Chapter 12: Sekelebat Cahaya

453 73 1
                                    

"YANG bener aja, masa Kak Kevin suka sama gue?" Dira melebarkan matanya. "Ngobrol aja gak pernah. Kok bisa suka, anjir?"

Luna hanya menaikkan bahunya, malas membahas ini kembali. Namun, menurutnya, Dira harus mengetahui soal itu karena Luna pun bukan orang yang pintar menjaga rahasia. Selain itu, dia selalu terbuka mengenai apapun kepada Dira. "Justru karena dia suka, kali, makanya gak pernah ngajak lo ngobrol."

"Tapi, lo masih suka sama Kak Kevin, Lun?" tanya Dira, mengernyitkan dahinya. "Gue minta maaf banget. Meskipun gue bakalan tetep sama Dito."

"Lah? Kenapa lo jadi minta maaf? Konyol banget," kekeh Luna. "Hati seseorang tuh bukan sesuatu yang bisa kita kontrol, jadi lo gak harus minta maaf."

"Lo masih suka sama Kak Kevin?" tanya Dira, mengulang pertanyaannya.

Luna terdiam cukup lama, lalu mengangguk halus. Alasan dirinya saat ini berada di tribun dan menunggu pertandingan voli antar fakultas mereka pun karena dia ingin melihat Kevin sebagai libero. Yah, meskipun itu bukan satu-satunya alasan. Dia juga ingin melihat Edwin, sang setter yang katanya merupakan otak dari serangan.

Luna mengulum bibirnya, menahan tawa. Dia tak bisa membayangkan orang yang lemot dan isi kehidupannya 90% bercanda seperti Edwin bisa serius, apalagi mengatur strategi dalam bermain. Mungkin, jika fakultas mereka kalah nanti, Luna akan meledek Edwin dengan mengatakan bahwa strateginya tak bagus.

Para pemain pun memasuki lapangan. Luna dapat melihat Kevin dari posisinya, mengenakan pakaian berwarna biru sendiri, sedangkan pemain satu timnya yang lain mengenakan pakaian berwarna hitam garis biru.

"Eh, liat deh, nomer sebelas keren banget gak, sih?"

"Iya, anjir. Anak angkatan 2019. Kating kita."

"Tinggi banget. Kira-kira tingginya berapa, ya?"

Luna hanya bisa bergidik mendengar celetukan-celetukan dari barisan perempuan di belakangnya. Nomor sebelas adalah nomor punggung Edwin. Para adik tingkat itu benar-benar termakan oleh pesona Edwin. Lelaki itu memasuki lapangan dengan tampilan yang menawan, mengenakan seragam bermainnya dan sempat berjalan ke pinggir lapangan untuk meletakkan tasnya. Namun, tetap saja, karena Luna sudah bertemu Edwin hampir setiap hari di kampus, apalagi lelaki itu selalu satu kelompok dengannya perkara nomor induk mahasiswa yang berdekatan, Luna merasa tak ada yang menarik dari Edwin.

Meskipun para adik tingkat itu tak hanya membicarakan Edwin. Mereka juga membicarakan Kevin dan pemain lainnya yang menurut mereka keren. Luna hanya bisa tersenyum kecut, sedikit risih ketika mereka mulai membicarakan Kevin dan berpikir bahwa Kevin sudah memiliki pacar.

Belum. Lelaki itu belum memiliki pacar. Hanya saja, dia tak tergapai untuk saat ini.

Pertandingan pun dimulai.

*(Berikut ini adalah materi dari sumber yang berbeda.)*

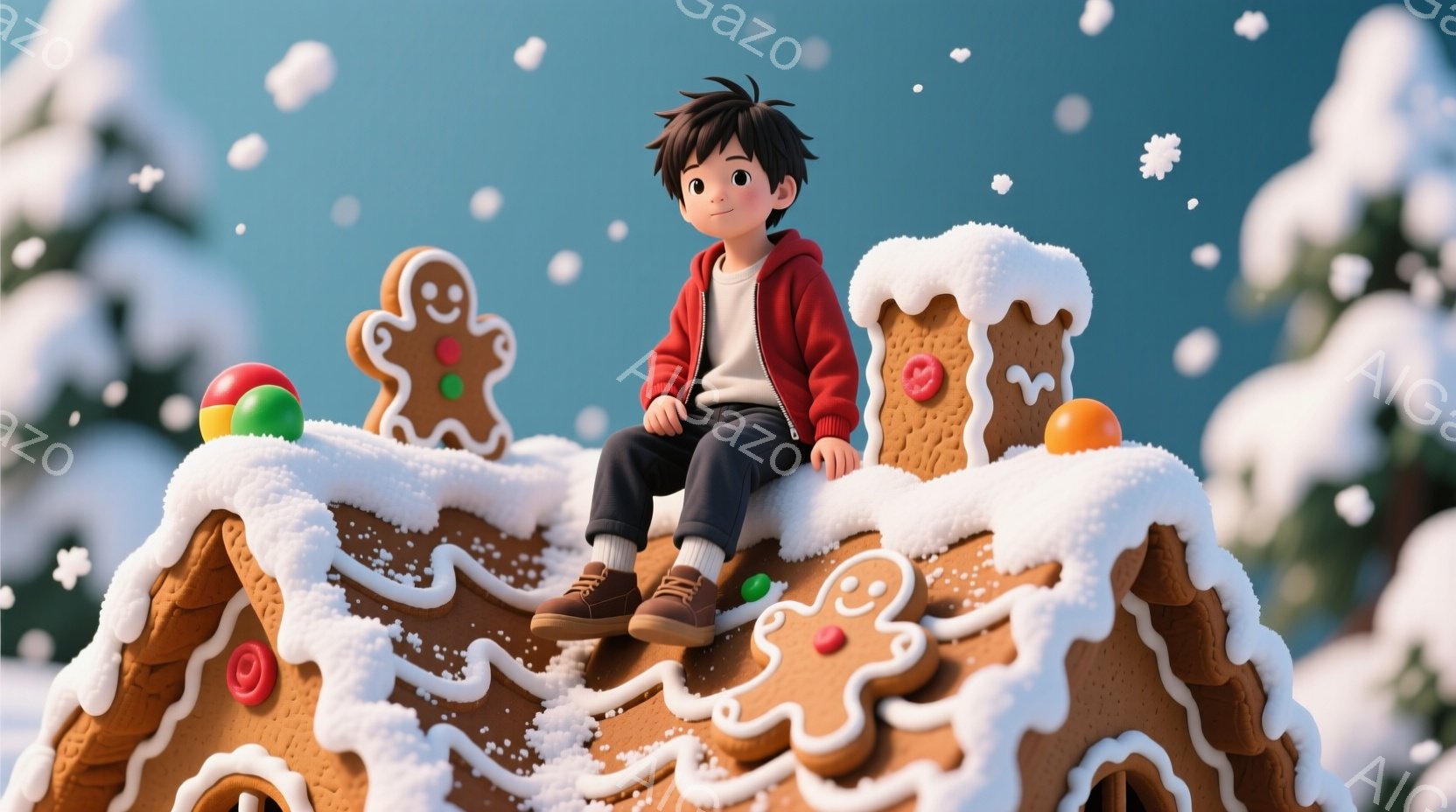 茶色の毛並みをした猫が、ジンジャーブレッドで作られた家の屋根の上に座っています。 猫は濃い青色のジャケットとスニーカーを着用し、少し不機嫌そうな表情をしています。 背景には雪が降り積もり、針葉樹の森が広がっており、全体的に冬の暖かくファンタジックな雰囲気が漂っています。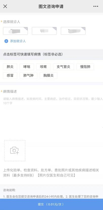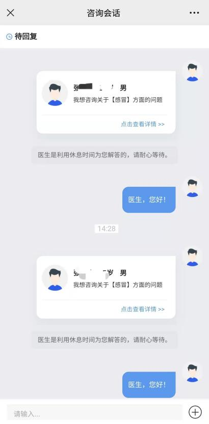 描述咨询内容,提交支付咨询费用,进入咨询会话界面等待医生回复。
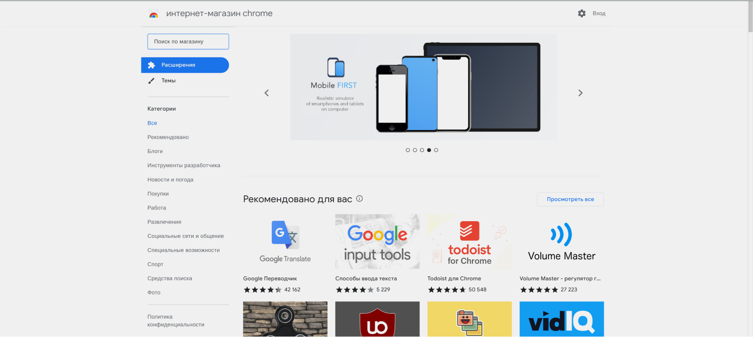 - Перейти на главную страницу магазина дополнений для Хрома.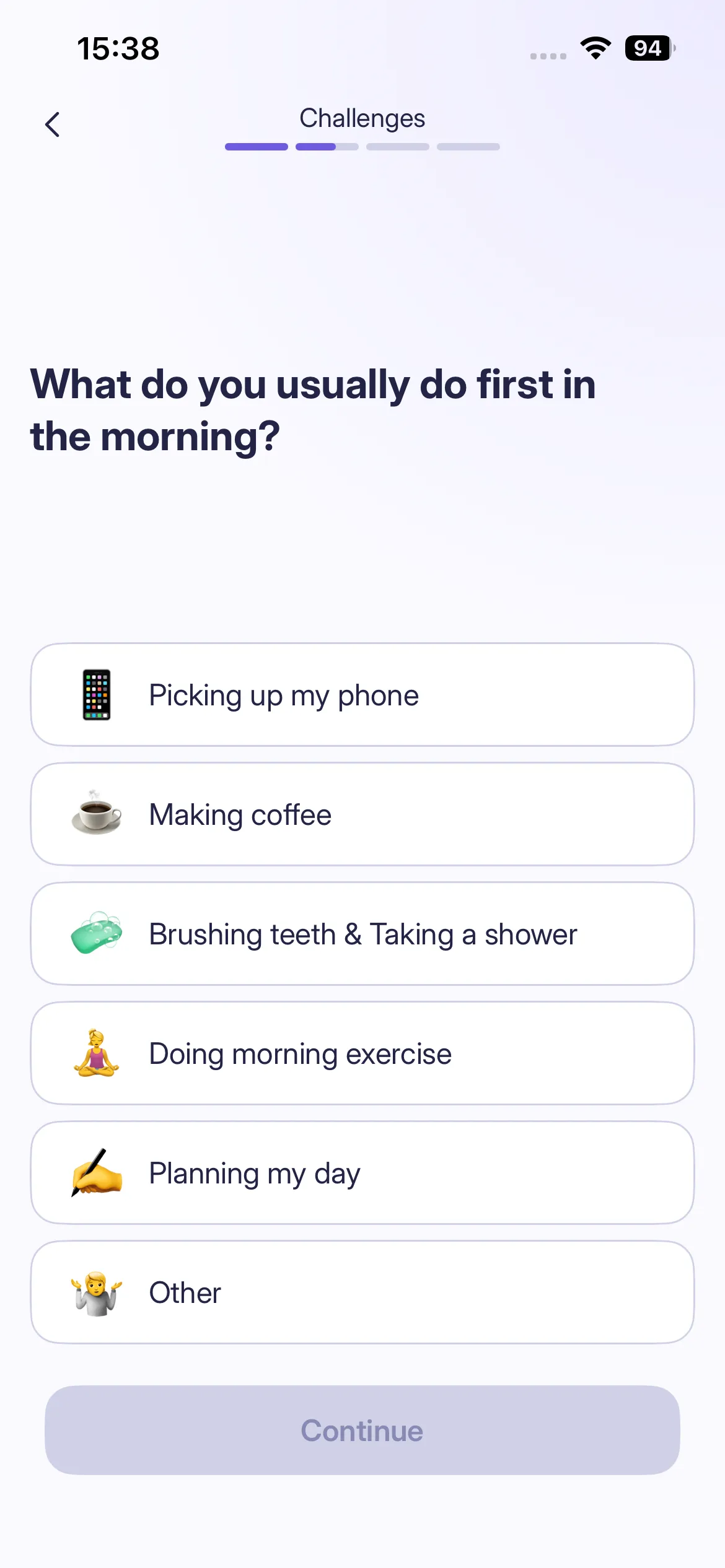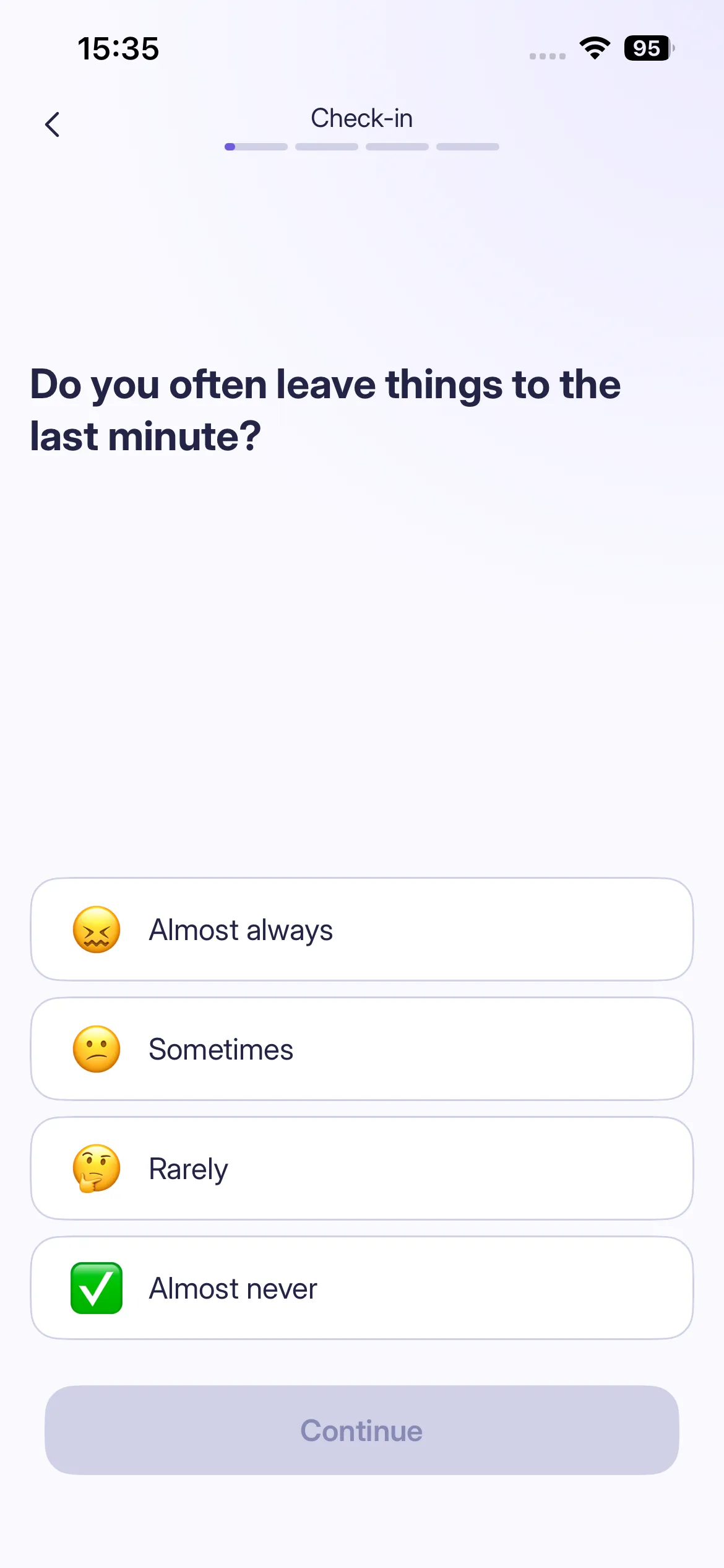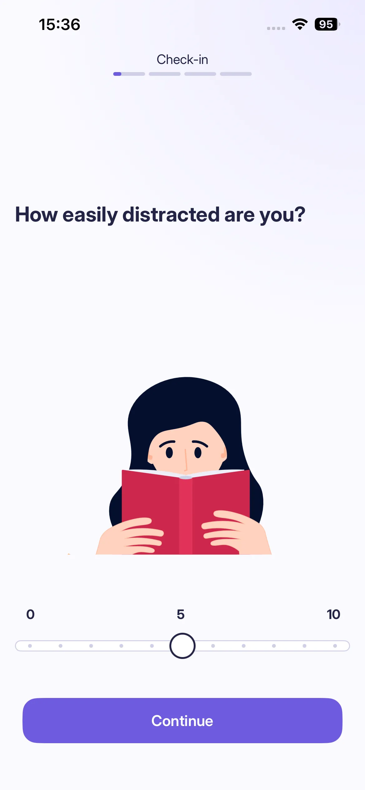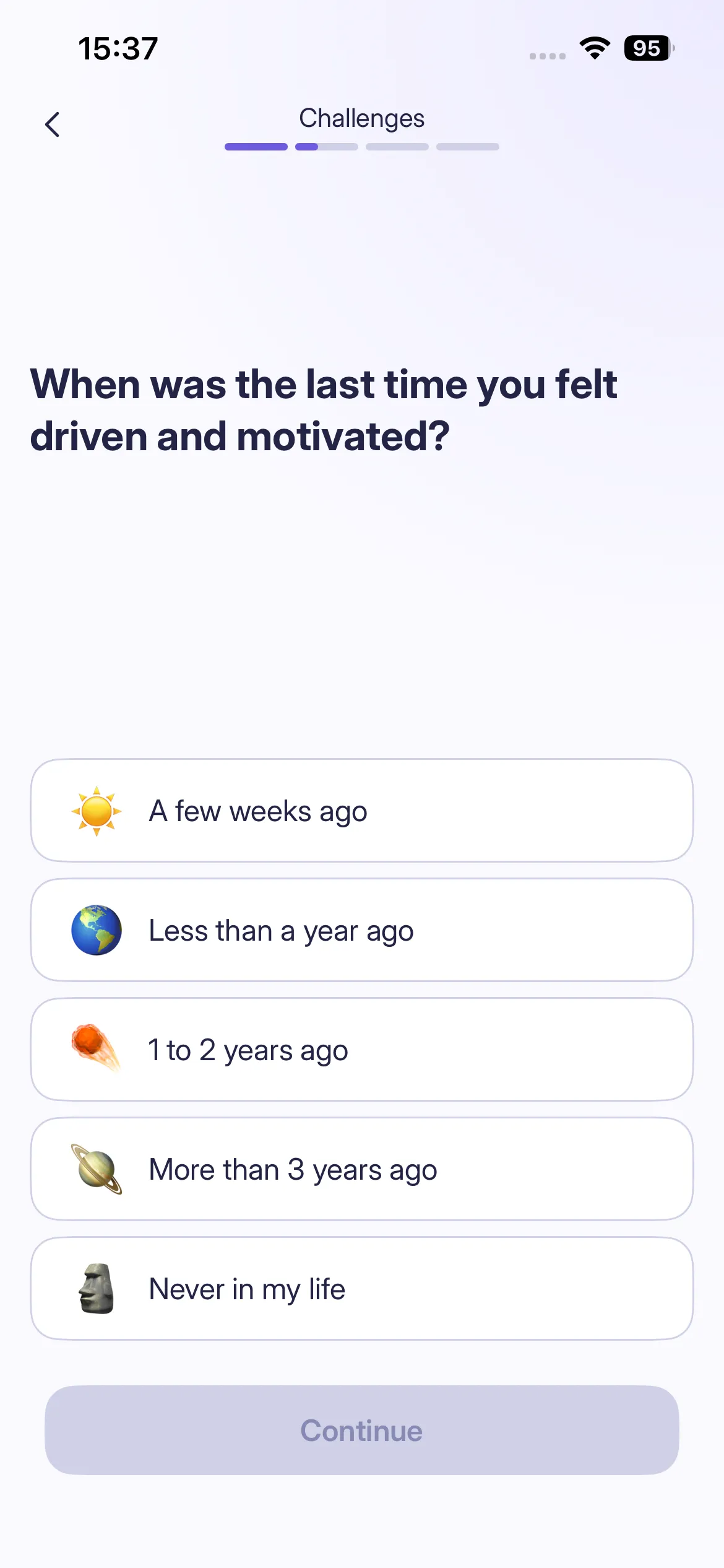 These screens show Liven’s App Onboarding Flow. It begins with a short test to understand user’s well-being goals (e.g. emotional triggers, stress levels), then offers a personalized program of journaling, mood tracking, and mindfulness tools. Daily tasks and self-reflection features are introduced early.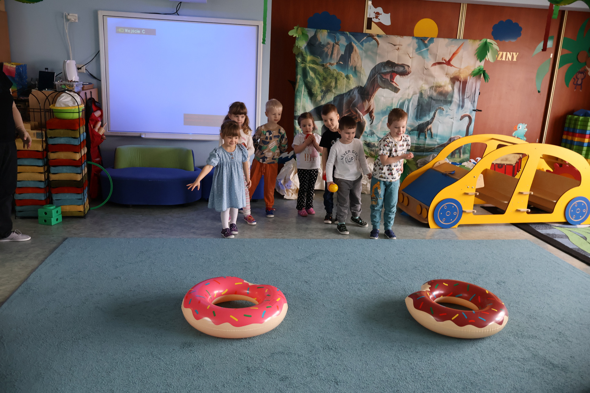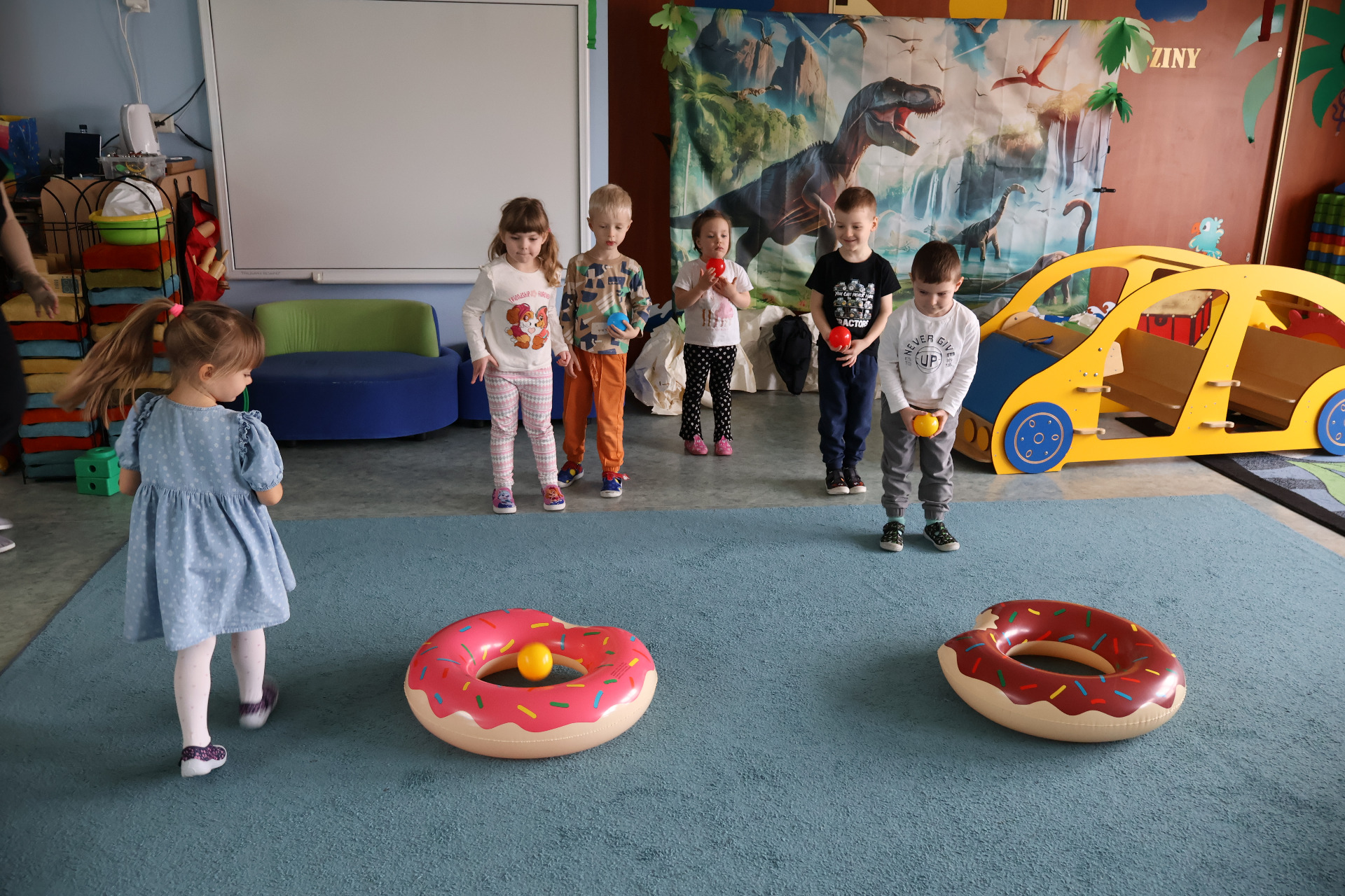 W czwartek 27.02.2025 r. Piraci obchodzili słodkie święto- Tłusty Czwartek. Z tej okazji dzieci obejrzały krótki film edukacyjny o tradycjach związanych z tym świętem, bawiły się w "pączkowe" zawody ruchowe oraz wykonały własnego "pączka" z pomalowanego koła i plasteliny. Na zakończenie wszystkie przedszkolaki zjadły słodki poczęstunek- pyszne pączki i faworki.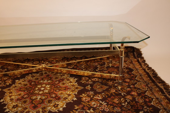 This refined French center table features an elegant brass and chrome frame with a stylish graphic design and chic details. The tabletop is made of very thick glass with faceted edges, creating a luxurious look.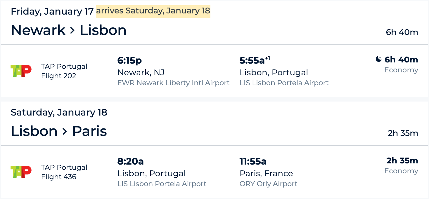 Newark (EWR) to Paris (ORY) for $275 round-trip on TAP Portugal via Priceline:

Edwin berdiri di bagian depan. Setelah bola di-serve ke arah lawan, lawan berhasil melakukan receive, dan lolos ke dalam wilayah fakultas mereka, Kamboja, pendukung fakultas lawan tersebut pun bersorak dari tribun bagian sana.

"Menurut lo, kampus kita bakalan menang, gak?" tanya Mery, salah satu mahasiswi di angkatan Luna yang juga bernotabene sebagai anggota UKM voli untuk putri. "Kok kayanya lawan kita juga pada sangar, ye."

Luna menopang dagunya, tak membalas apapun. Pasalnya, dia tak begitu mengikuti acara Kaninus yang kampus mereka gelar dari tahun-tahun sebelumnya. Selain itu, karena Luna adalah angkatan 2019 dan tahun lalu semuanya diadakan secara online perkara pandemi, acara Kaninus pun tidak digelar sehingga Luna tak tau apa-apa mengenai hal tersebut.

Kalau dari cerita Edwin pun, tahun lalu mereka tidak ikut bertanding karena pandemi, meskipun tetap mengadakan latihan rutin.

"Gue gak yakin menang kalau setter-nya Edwin," sahut Luna.